Winstwaarschuwing voor overheid: krijgen burgers voldoende zeggenschap?
De laatste tijd is er binnen de rijksoverheid meer aandacht voor het betrekken van burgers bij beleid. Maar krijgen burgers ook echt meer zeggenschap? Vandaag verschijnt de publicatie Overdragen, delen en herstellen van het Sociaal en Cultureel Planbureau (SCP), waarin is gekeken naar de verantwoordelijkheidsverdeling tussen burgers en overheid sinds 2011. Uit die analyse van het SCP blijkt dat er de afgelopen tien jaar beperkte ruimte voor burgers was in termen van zeggenschap: zij worden weinig betrokken bij de ontwikkeling van beleid, terwijl de overheid wel veel van burgers verwacht bij de uitvoering ervan. Daarom waarschuwt het SCP: als je naast andere partijen ook burgers echt zeggenschap wil geven, betrek ze dan vanaf de start en niet uitsluitend bij de uitvoering.

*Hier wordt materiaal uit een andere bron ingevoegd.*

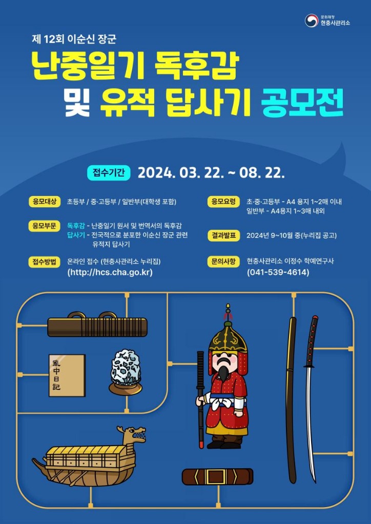 공모전에 관한 자세한 사항은 문화재청 누리집(www.cha.go.kr)과 현충사관리소 누리집을 참고하면 된다.

In de publicatie van het SCP staat de visie van de overheid op de verdeling van verantwoordelijkheden tussen de overheid en burgers centraal. Het SCP analyseerde daarvoor troonredes en regeringsverklaringen, maar ook nota’s, rapporten en adviezen. Die analyses laten zien dat er in de afgelopen tien jaar een golfbeweging zichtbaar is in de visies van de overheid op de verantwoordelijkheidsverdeling tussen overheid en burgers. Factoren die deze golfbeweging beïnvloeden zijn ideeën en verwachtingen ten aanzien van burgers, maar ook economische en maatschappelijke ontwikkelingen en de toegenomen urgentie van grote opgaven, denk daarbij aan klimaat, vergrijzing en corona.

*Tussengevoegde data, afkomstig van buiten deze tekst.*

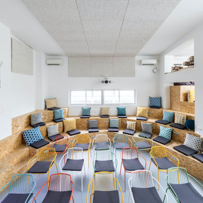 Dit bedrijfspand van 240 m² is bedacht en ontworpen door experts in Design Thinking en Design Sprint. De keuze voor naturelle en witte kleuren geeft ruimte aan creativiteit.

Er komen drie periodes naar voren: de eerste jaren (2011-2013) trok de overheid zich terug; onder invloed van de economische crisis en bezuinigingen werd gestuurd op een participatiesamenleving, waarin burgers meer verantwoordelijkheid kregen in de uitvoering. Daarna (van 2014-2019) ontstond meer ruimte en noodzaak voor overleg met maatschappelijke organisaties en marktpartijen om gezamenlijk te werken aan grote maatschappelijke opgaven via het sluiten van akkoorden. De burgerverantwoordelijkheid wordt doorgeschoven naar het lokale domein. En in de laatste jaren (2020-2022), gedurende de coronacrisis maar ook ten tijde van de toeslagenaffaire en aardbevingen in Groningen , stelde de overheid zich verantwoordelijk op om de samenleving draaiende te houden. Om het vertrouwen van burgers te herstellen wordt er ook gezocht naar een actievere rol voor burgers in beleid.

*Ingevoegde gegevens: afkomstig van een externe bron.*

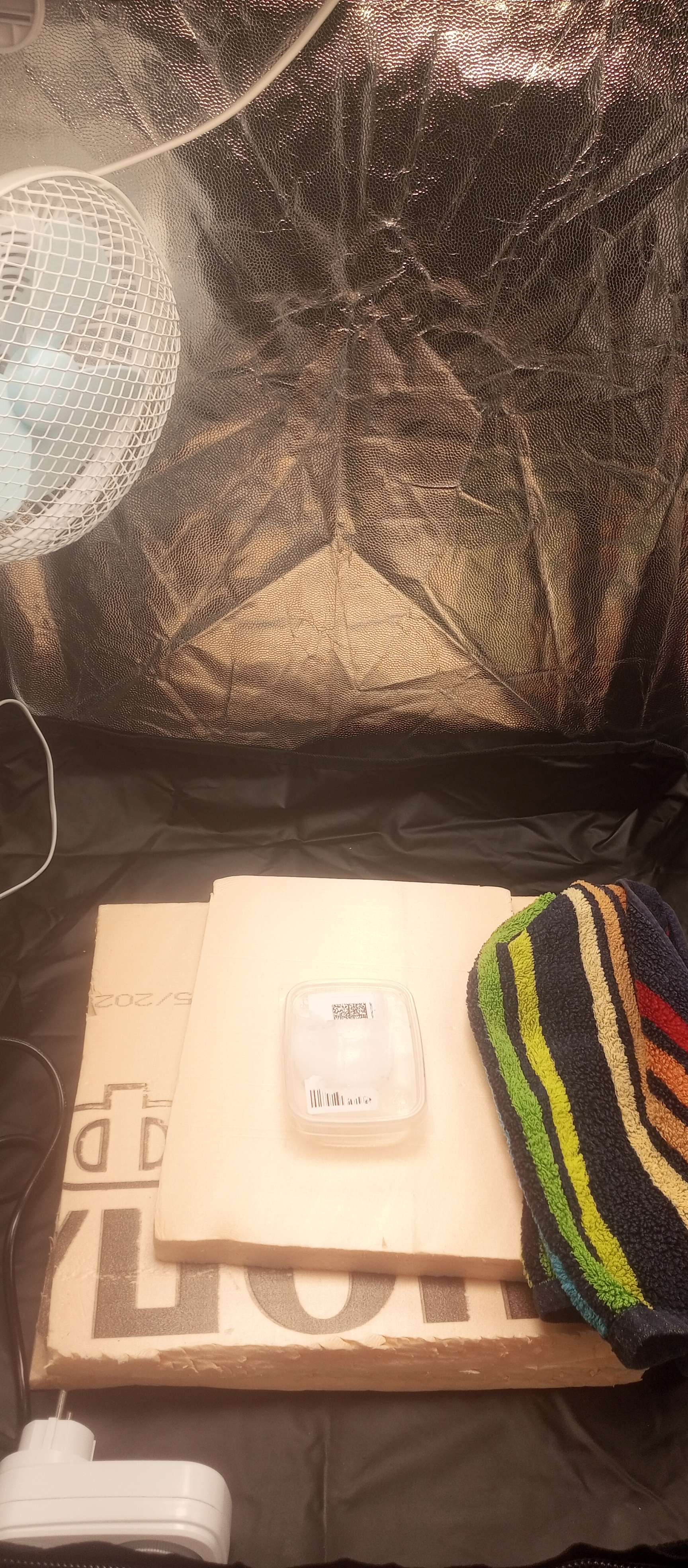 На данный момент семечко уложено меж влажными ватными дисками, по опыту прошлого взращивания, и создана температура в боксе, путем включённой ледлампы, 35 гр. +- 1 гр.

Uit de analyse blijkt dat er gelijktijdig verschillende visies op verantwoordelijkheid naast elkaar bestaan. Ook de vraagstukken van dit moment, bijvoorbeeld rondom klimaat, zorg en wonen, lijken door hun complexiteit te vragen om een combinatie van visies. Het gaat dan enerzijds om een sturende overheid die het voortouw neemt en anderzijds een netwerkende overheid die marktpartijen en maatschappelijke organisaties betrekt. Ten derde wil de overheid ook tegemoet komen aan de vraag van burgers om betrokken te worden. En dat is geen gemakkelijke opgave. Van de overheid wordt namelijk verwacht dat zij duidelijke keuzes maakt en tijdig handelt, maar daarbij ook de diverse perspectieven van marktpartijen, maatschappelijke organisaties én burgers meeneemt.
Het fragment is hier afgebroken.